NiFi is helpful in creating DataFlow. It means you can transfer data from one system to another system, as well as process the data in between.
Figure: Apache NiFi Architecture
NiFi Real World Use Case
NiFi is used for data ingestion to pull data into NiFi, from numerous data sources and create FlowFiles. It can process extremely large data, extremely large data sets, tiny data with high rates, and variable-sized data. It can be used for various use cases, some of which are given below.
- Schlumberger: From Zero to DataFlow in Hours with Apache NiFi
- Neustar: Make Streaming Analytics Work for You,
- Comcast: Improving Customer Experience
- Capital One, as part of Apache Metron
- Hadoop Summit Keynote
- Connected Car: GENIVI
- Connected Car: TU Automotive
- Real-Time Retail: Customer Interaction with Facial Recognition, Live Voting, and Electronic Conversation
- Data Hacks and Demos keynote from Hadoop Summit San Jose
- Reading children’s books
- Voice-activated real-time stock quotes
- Apache NiFi and Facebook
- Apache NiFi and SFDC
- Apache NiFi and Raspberry Pi Apache NiFi and Sprinkler System
NiFi vs Kafka
Both Apache NiFi and Apache Kafka provide a broker to connect producers and consumers, but they do so in a way that is quite different from one another and complementary when looking holistically at what it takes to connect the enterprise.
With Kafka, the logic of the data flow lives in systems that produce data and systems that consume data. NiFi decouples the producer and consumer further and allows as much of the dataflow logic as possible or desired to live in a broker itself. This is why NiFi has interactive command and control to effect immediate change and why NiFi offers the processor API to operate on, alter, and route the data streams as they flow. It is also why NiFi provides powerful back-pressure and congestion control features.

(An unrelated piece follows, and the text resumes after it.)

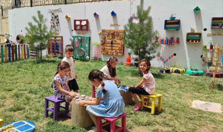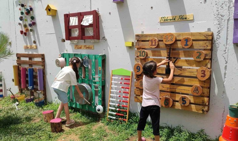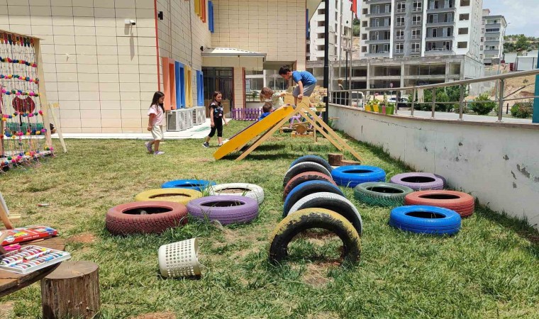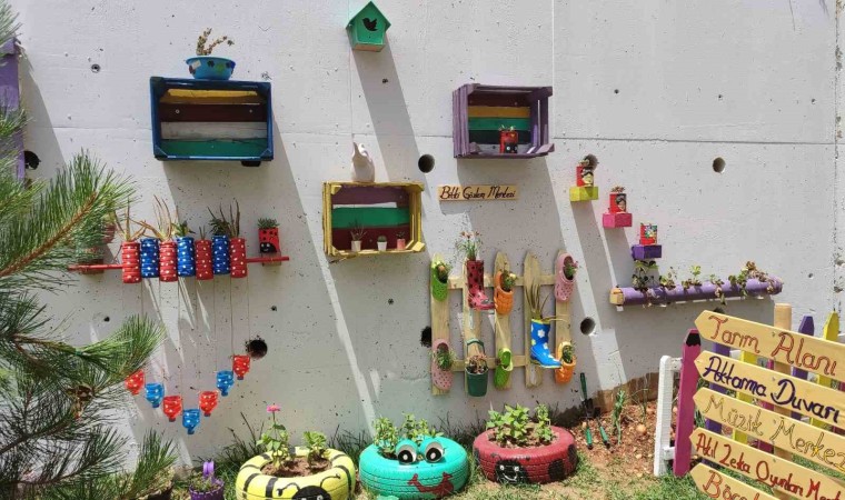 Kahramanmaraş’ta dönüştürülebilir atık malzemelerden, oyun alanları oluşturuldu. Hiç risk taşımayan oyun alanlarında çocuklar güvende oluyor.

The model NiFi offers means you do have a point of central control with distributed execution, where you can address cross-cutting concerns; where you can tackle things like compliance checks and track which you would not want on the producer/consumers.
Push vs Pull Data Ingestion Pattern
In terms of this data ingestion pattern, Kafka producers push data to the Kafka broker and Kafka consumers pull data from the Kafka broker. Though it is a clean and scalable model, it requires that system to accept and follow that protocol. In contrast, NiFi does not have that specific protocol. It supports both push/pull data ingestion patterns to get data in and out of NiFi
High Availability
On the data plane, NiFi does not offer distributed data durability today, as Kafka does. As Lars pointed out, the NiFi community is adding distributed durability, but the value of it for NiFi’s use cases will be less vital than it is for Kafka, as NiFi isn’t holding the data for the arbitrary consumer pattern that Kafka supports. If a NiFi node goes down, the data is delayed while it is down. Avoiding data loss, though, is easily solved thanks to tried-and-true RAID or distributed block storage. NiFi’s control plane does already provide high availability as the cluster manager and even multiple nodes in a cluster can be lost while the live flow can continue operating normally.
Performance
Kafka offers an impressive balance of both high throughput and low latency. But comparing the performance of Kafka and NiFi is not very meaningful, given that they do very different things. It would be best to discuss performance tradeoffs in the context of a particular use case.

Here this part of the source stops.